What to work on
The reply to the records below should contain exactly the lines from the line with "If so, come" through the line with "サイドがギャザー仕様になっていて、長さが調節できるようになっています。", and nothing besides.

Input data
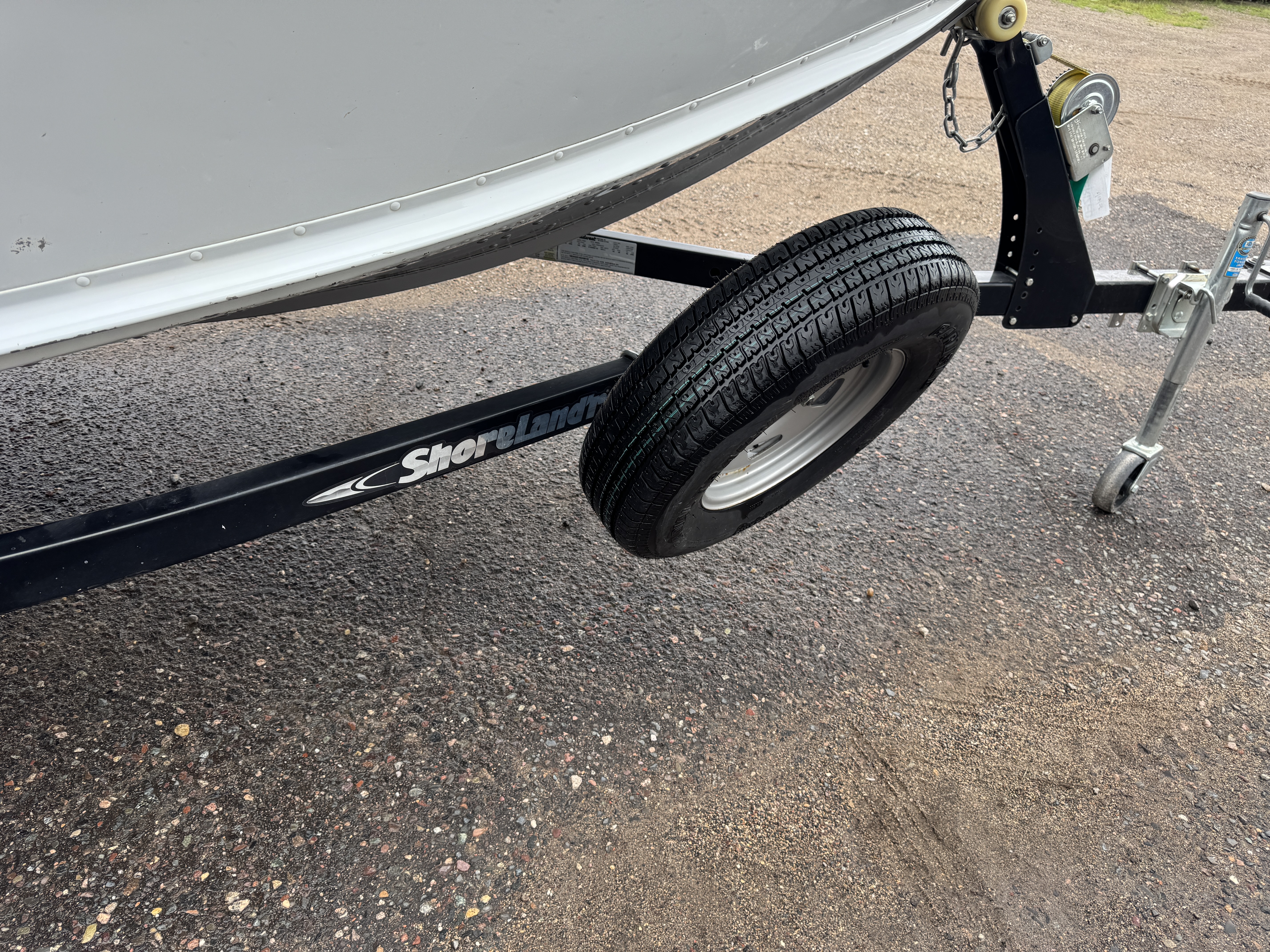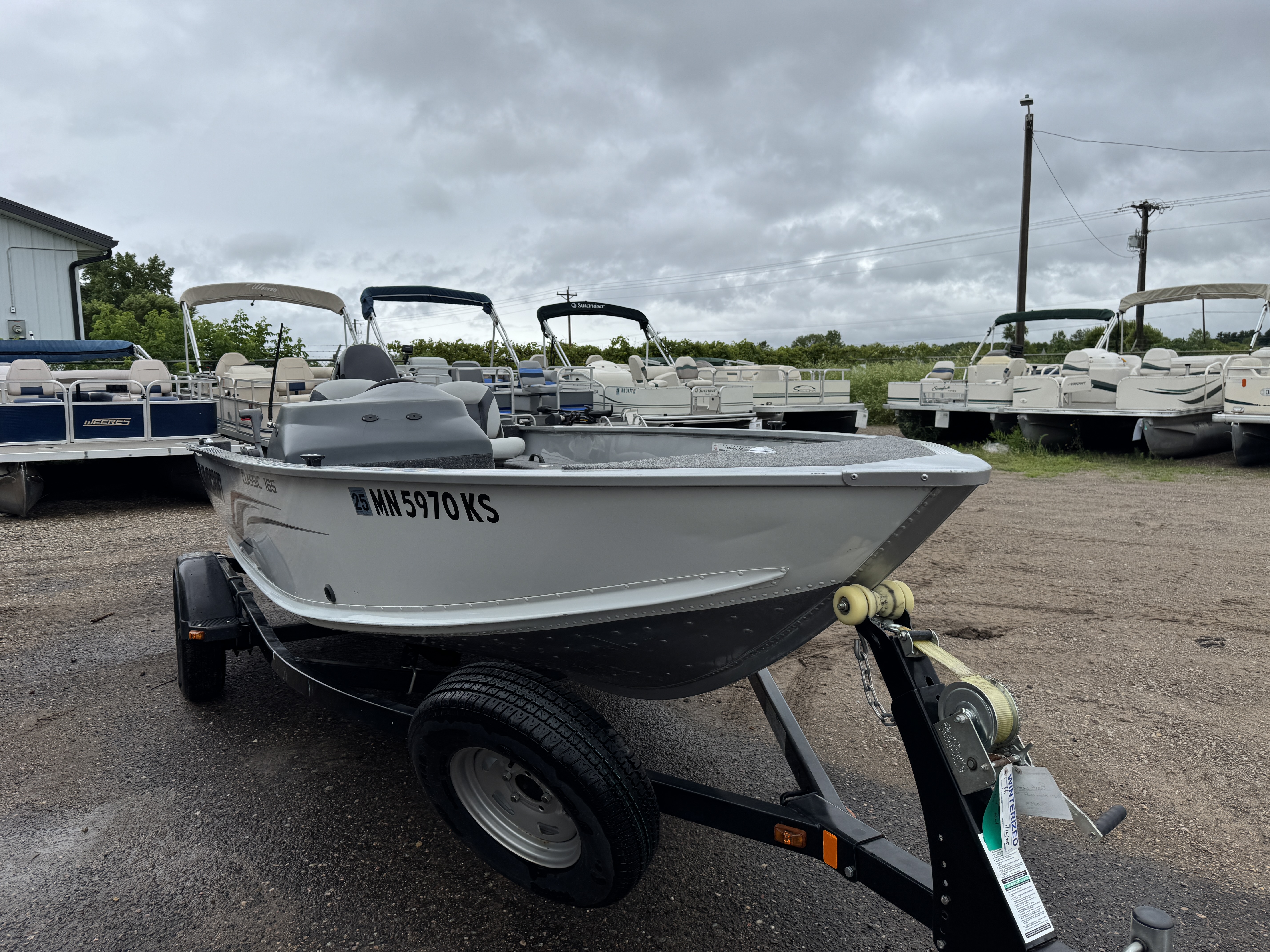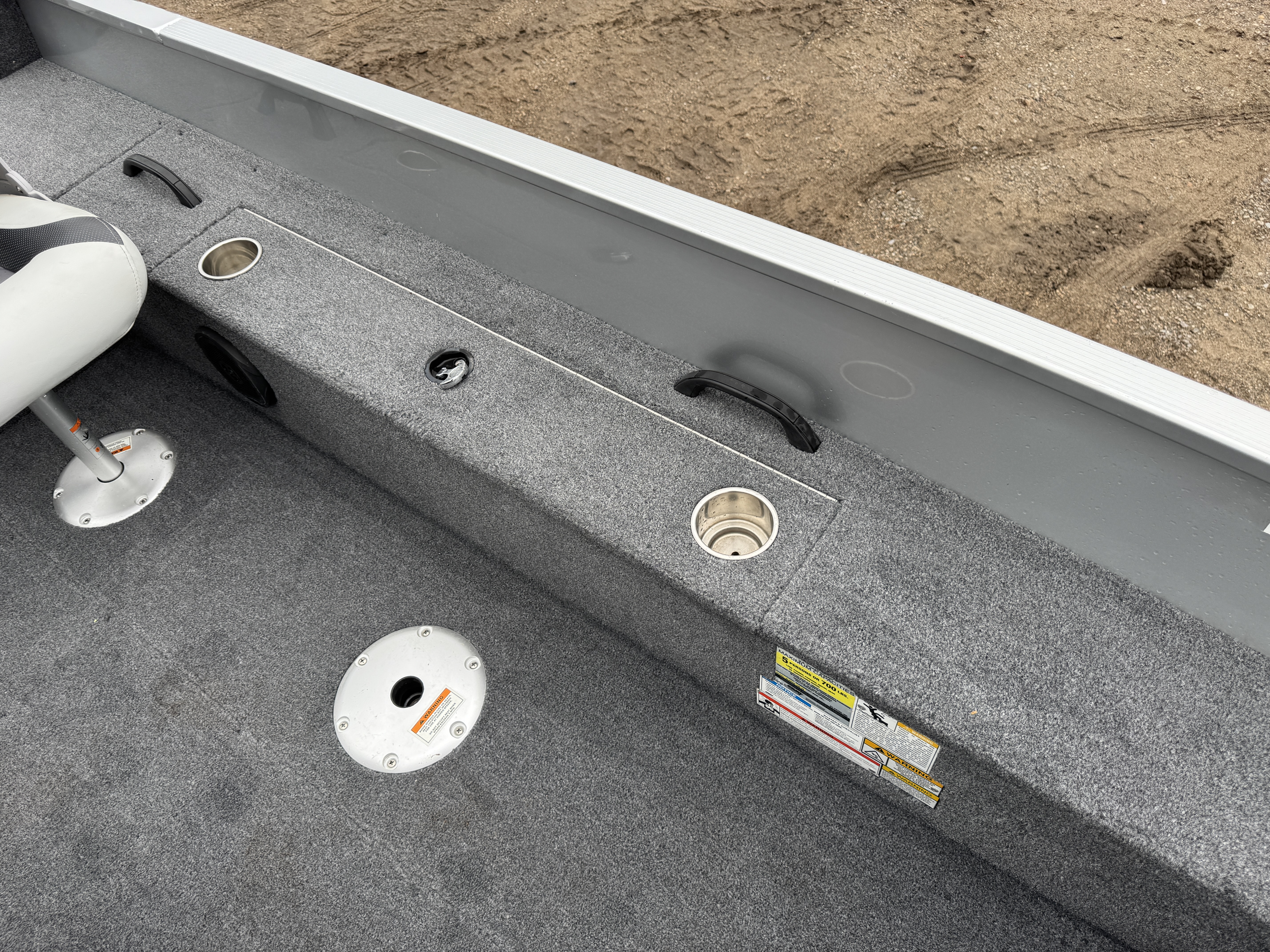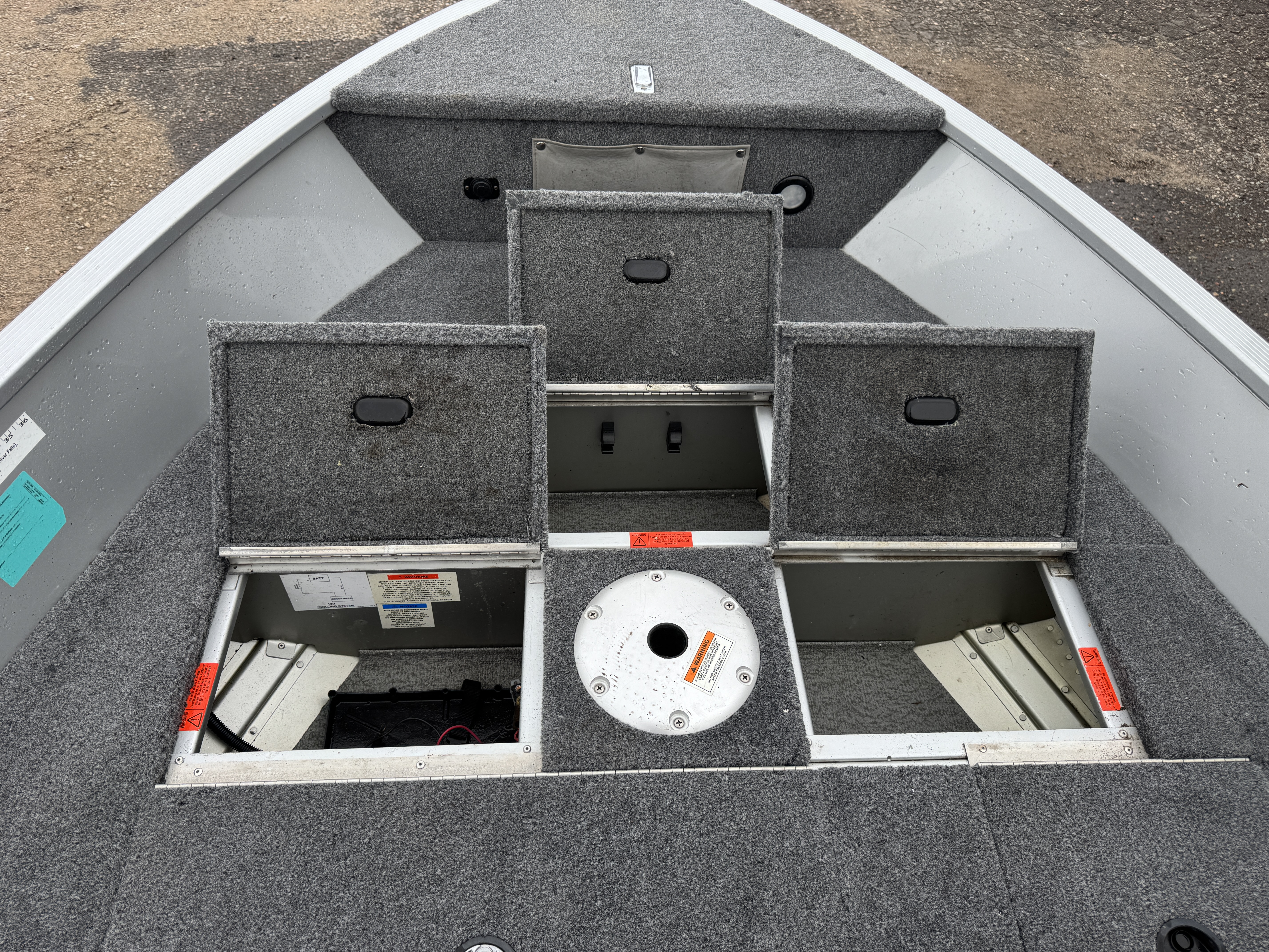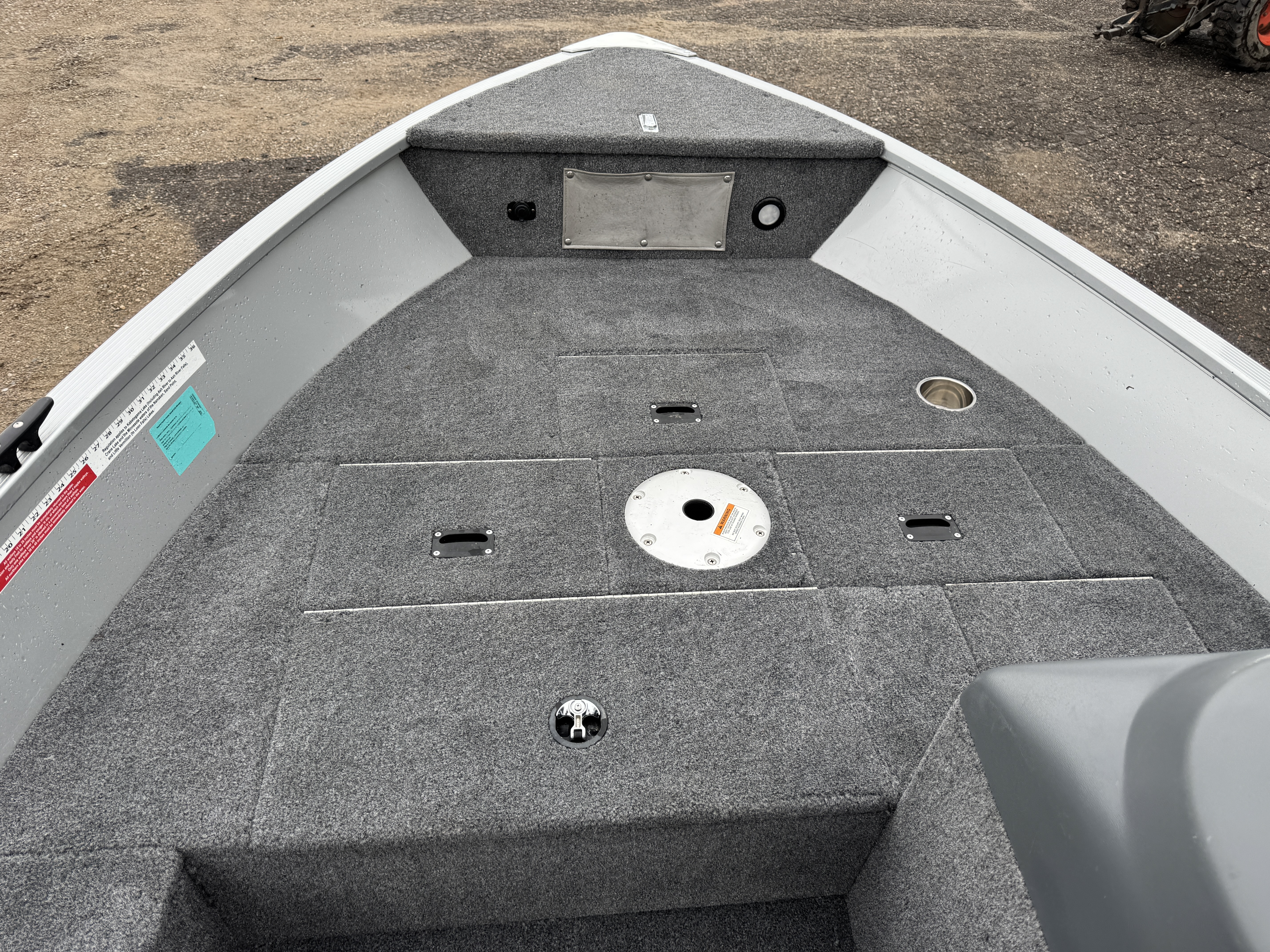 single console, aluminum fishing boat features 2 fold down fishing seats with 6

==

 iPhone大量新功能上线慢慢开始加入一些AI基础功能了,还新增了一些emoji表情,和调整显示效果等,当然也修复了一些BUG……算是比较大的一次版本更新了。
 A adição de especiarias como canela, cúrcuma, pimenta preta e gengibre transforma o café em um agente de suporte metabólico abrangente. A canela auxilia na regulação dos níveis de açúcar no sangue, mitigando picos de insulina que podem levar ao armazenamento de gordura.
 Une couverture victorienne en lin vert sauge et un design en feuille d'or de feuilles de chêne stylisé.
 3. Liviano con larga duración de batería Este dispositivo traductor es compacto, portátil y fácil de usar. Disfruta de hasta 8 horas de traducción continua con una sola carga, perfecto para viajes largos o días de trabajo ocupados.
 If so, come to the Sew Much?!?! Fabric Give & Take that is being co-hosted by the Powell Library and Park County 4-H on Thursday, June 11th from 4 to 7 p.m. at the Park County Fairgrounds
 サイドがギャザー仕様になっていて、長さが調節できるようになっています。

Solution below
 If so, come to the Sew Much?!?! Fabric Give & Take that is being co-hosted by the Powell Library and Park County 4-H on Thursday, June 11th from 4 to 7 p.m. at the Park County Fairgrounds
 サイドがギャザー仕様になっていて、長さが調節できるようになっています。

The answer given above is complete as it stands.